The NCR has a report on the important work done by the Center for Applied Research in the Apostolate: “CARA sociologists take guesswork out of understanding the Catholic world.” CARA is an independent, nonprofit research center housed at Georgetown University. Thank heavens forward-looking churchmen like Cardinal Cushing supported the founding of CARA back in 1964.
Data is great, but interpreting it can be tricky. Mark Gray has questioned the gloomy interpretations often given about the declines in organized religion in the U.S., for example in the 2008 Pew Forum report on religious affiliation. That studied seemed to show that the Catholic Church has more people leaving it than any other US denomination. The NCR reports:
It’s easy to make Gray roll his eyes and sigh in a here-we-go-again expression. Just mention the 2008 report by the Pew Forum on Religion and Public Life titled “Faith in Flux: Changes in Religious Affiliation in the U.S.” The bottom line in that report was unremittingly gloomy — one in 10 U.S. adults is a former Catholic, meaning, at the time, that about 22.8 million people fit the category.
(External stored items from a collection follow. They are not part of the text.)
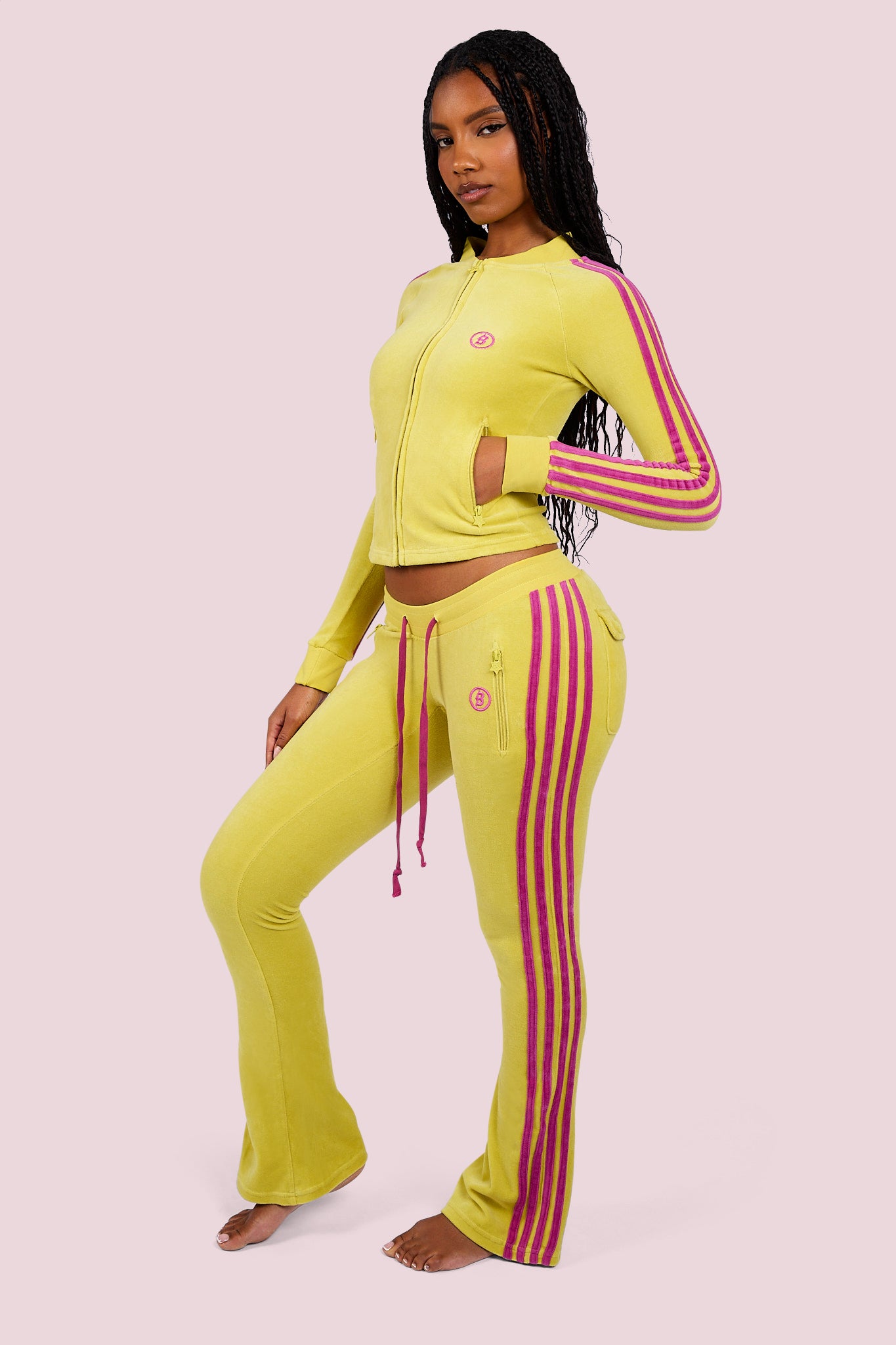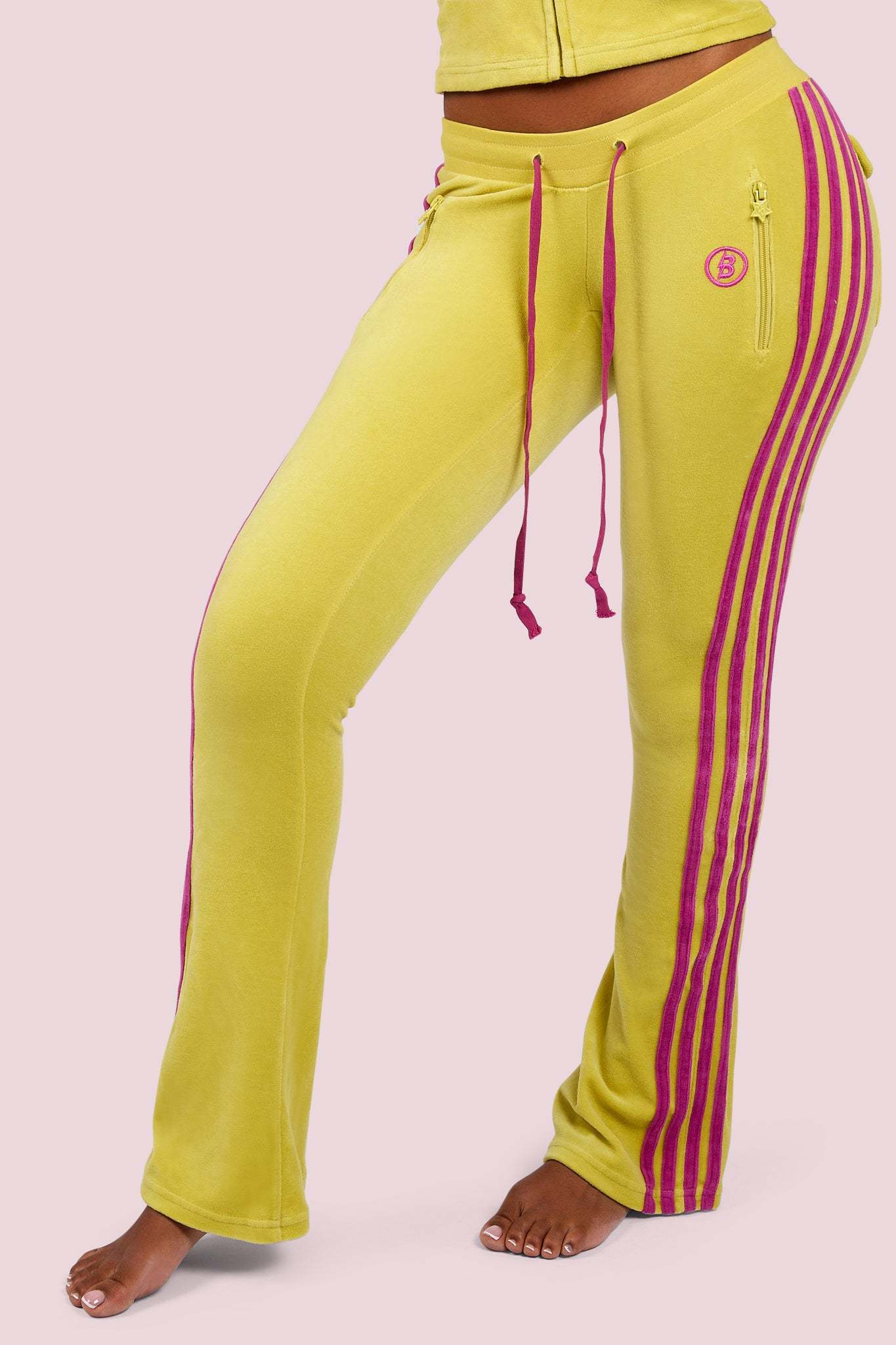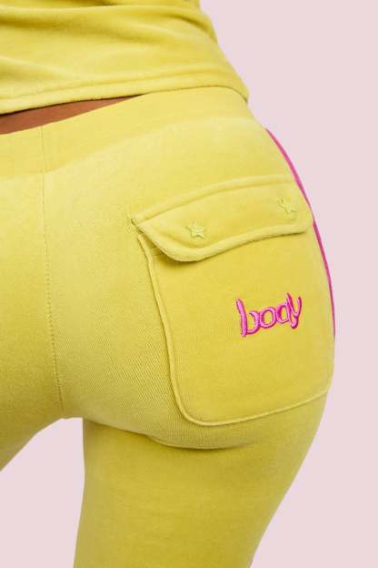 BODY VELOUR TRACK PANTS (LIME YELLOW/PINK)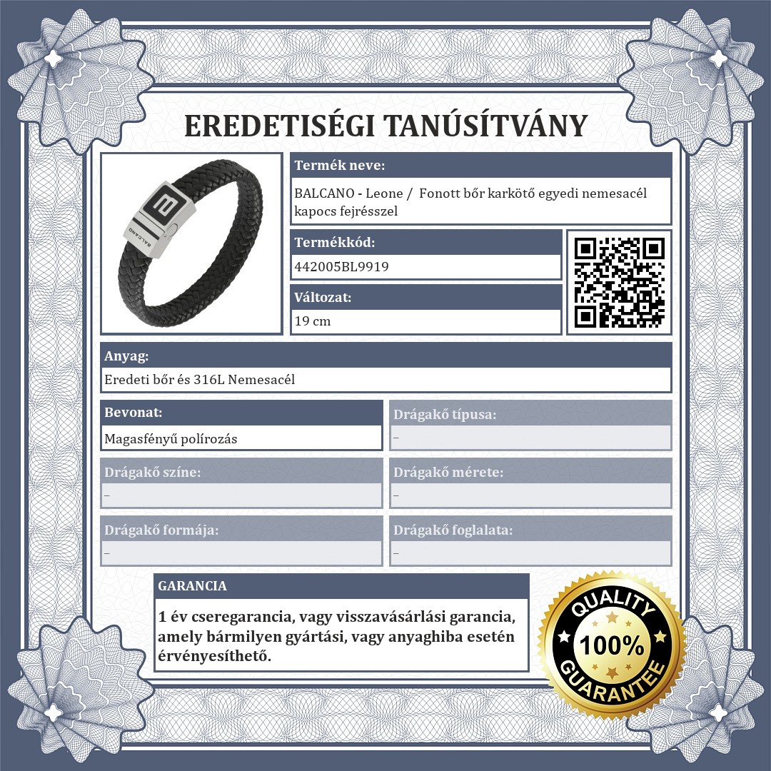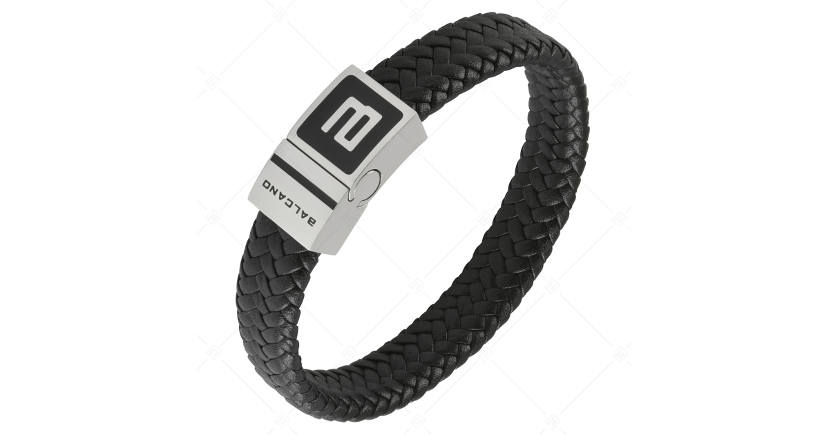 Fekete, fonott, valódi bőr karkötő. Antiallergén nemesacél fejrésszel, amelyet a BALCANO logója és felirata díszít, ami magába foglalja a mágneses kapcsot is. Klasszikus és letisztult ajándék férfiak számára.
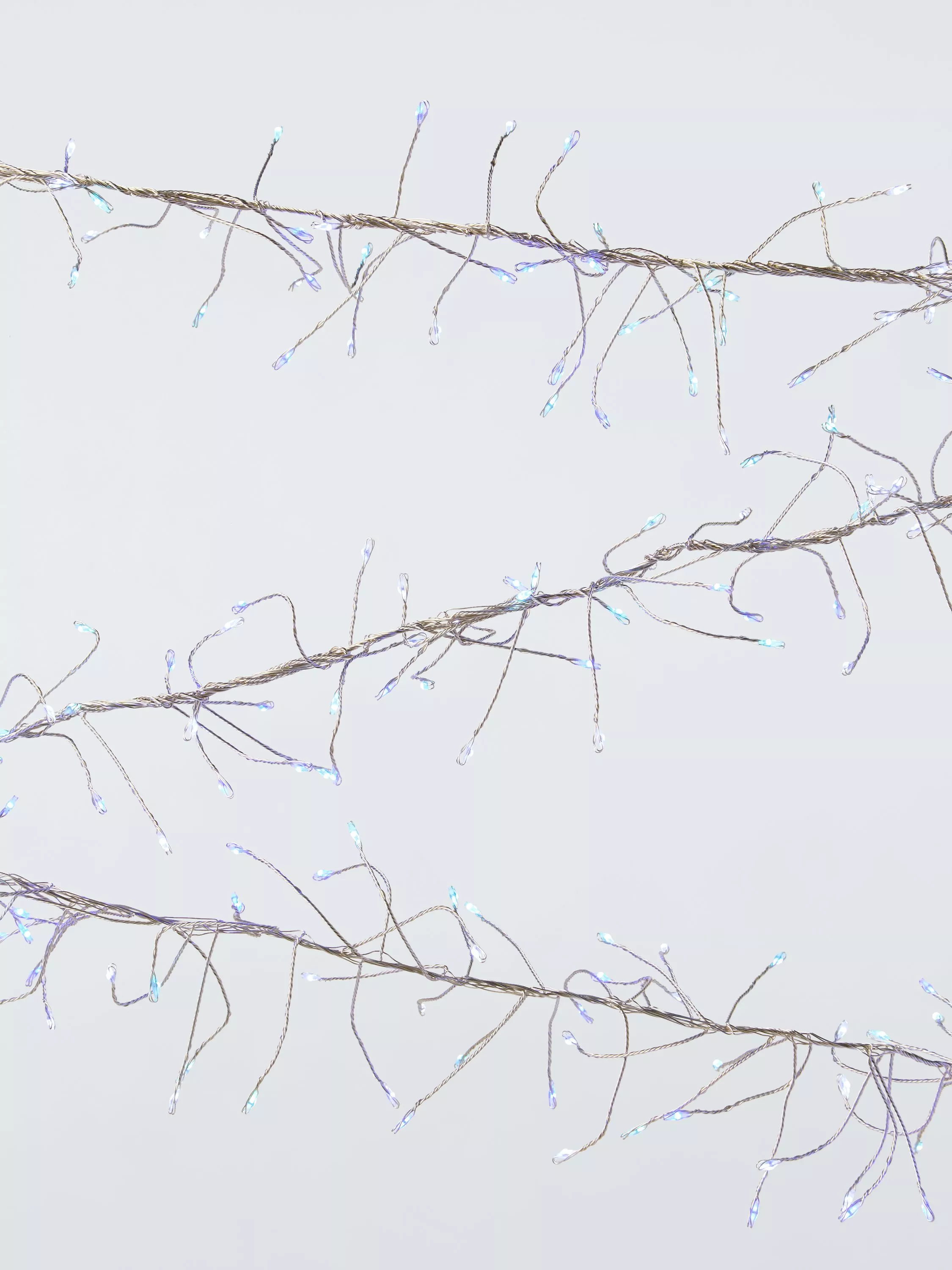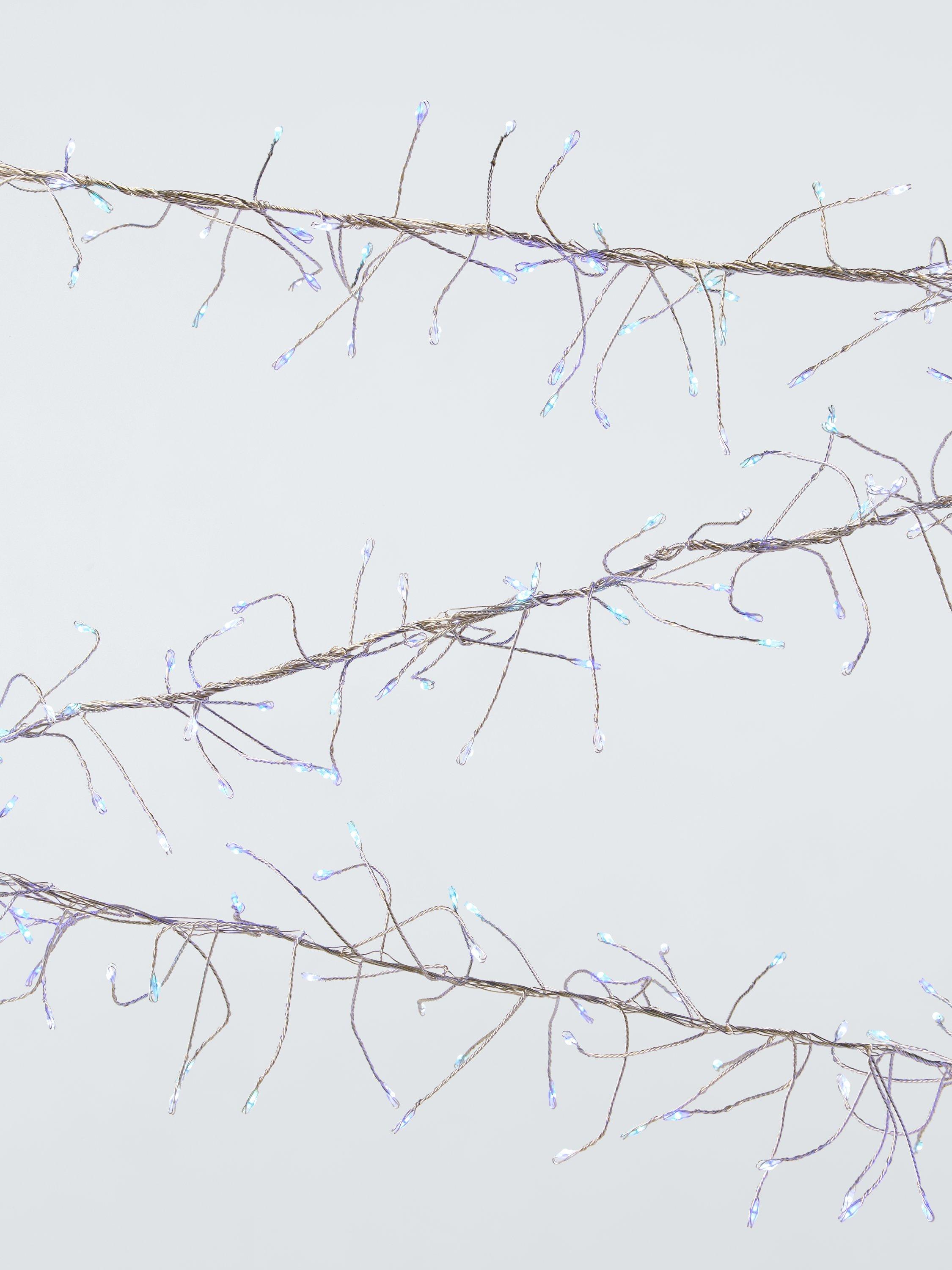 A string of 480 micro LED multifunction cluster vine lights on a flexible wire, with a timer that automatically switches the lights on at the same time each day and off after 8 hours. Available in a range of light and wire colour combinations for a choice of different looks.

The popular way to characterize the number (and we did it here at NCR) was to say that if former Catholics were a denomination, it would be the second-largest in the country behind Catholics (nearly 70 million at the time and heading toward 80 million today) and well ahead of the next denomination, Southern Baptists (16.2 million).
All of that is correct to a certain extent. It’s what’s missing, Gray argues, that skews the picture. What he points out as a corrective is that the percentage of those raised Catholic who eventually leave the faith — 32 percent — is actually a far lower percentage than that of mainline Protestant denominations.
For instance, take the percentage of those who have been raised in and then left other denominations: Presbyterians, 59 percent; Anglican/Episcopal church, 56 percent; Methodists, 54 percent; Lutherans, 42 percent; and Baptists, 39 percent. The actual Catholic number (not the percentage) stands out, he said, because the Catholic church is so much larger than the rest.
Gray’s rosier interpretation – Catholics are losing 32% of their members but so many other U.S. denominations are losing anywhere from 39% to 59% – rests upon a certain ecclesiological assumption. That assumption is that all the various U.S. denominations – Catholic, Baptist, Methodist, etc., – are just various flavors of Christianity on equal footing. We could call this “denominationalism.”
For denominationalism, it makes no difference whether a Bible-believing Southern Baptist joins up at an evangelical-style Methodist church down the street or goes through the RCIA to become a Roman Catholic – either way, the Baptists have lost one sheep.
For denominationalism there are individual denominations, but not the larger category “Protestant.” That the hypothetical Southern Baptist above thinks of herself above all as a “Protestant” and didn’t think she was converting when she found an amenable Methodist church is not considered. That the parents of another Southern Baptist might be horrified that their son left Bible-believing Christianity to become a Roman Catholic (a papist!), against their hopes that he would find a good, Bible-believing church such as the Methodists (or I suppose they’d settle for the Lutherans but the Episcopalians would be iffy) is not considered.
It is interesting and totally legitimate to compare the defections of each individual denomination – Catholic, Baptist, Methodist, and all the rest. But it would also be interesting to take account of the larger categories “Protestant,” “Catholic,” “Orthodox.” One might also attempt to distinguish between “mainline” and “evangelical,” or perhaps distinguish between “liturgical-sacramental” (Orthodox, Catholic, Episcopalian, many Lutherans) and “low church-free church.” I grant that the lines are blurry. Getting this sort of data would be challenging, but it would be highly interesting.
My point is not that we Catholics are The Church but Protestants are sects and denominations that shouldn’t be called churches. I’m certainly not pushing the anti-ecumenical slogan of some triumphalistic Catholics that “We’re not a denomination, we’re the Church.” My point is that many real-live Protestants do think of themselves as Protestants, and do make distinctions between “Catholic” and “Protestant” that matter to them.
So we can’t just compare Catholic defections to the defections of the Presbyterians or Baptists and leave it at that. We should also look at how many Protestants remain active Protestants (in any Protestant denomination) and compare that to how many Catholics remain active Catholics. Then, not every loss of a Presbyterian or Baptist would be counted as a defection from the Presbyterians or the Baptists; many of these would be counted as retentions for the Protestants. Then, the Catholic retention rate might not hold up as well as compared to Protestants as a group.
It would be interesting to compare retention/defection rates across several categories – Catholic compared to Protestant, but also liturgical compared to low church, liberal compared to conservative, and so forth. But for that to happen, we need more people like Cardinal Cushing to keep promoting more good work from CARA so that we data geeks can get a little closer to understanding what’s really going on.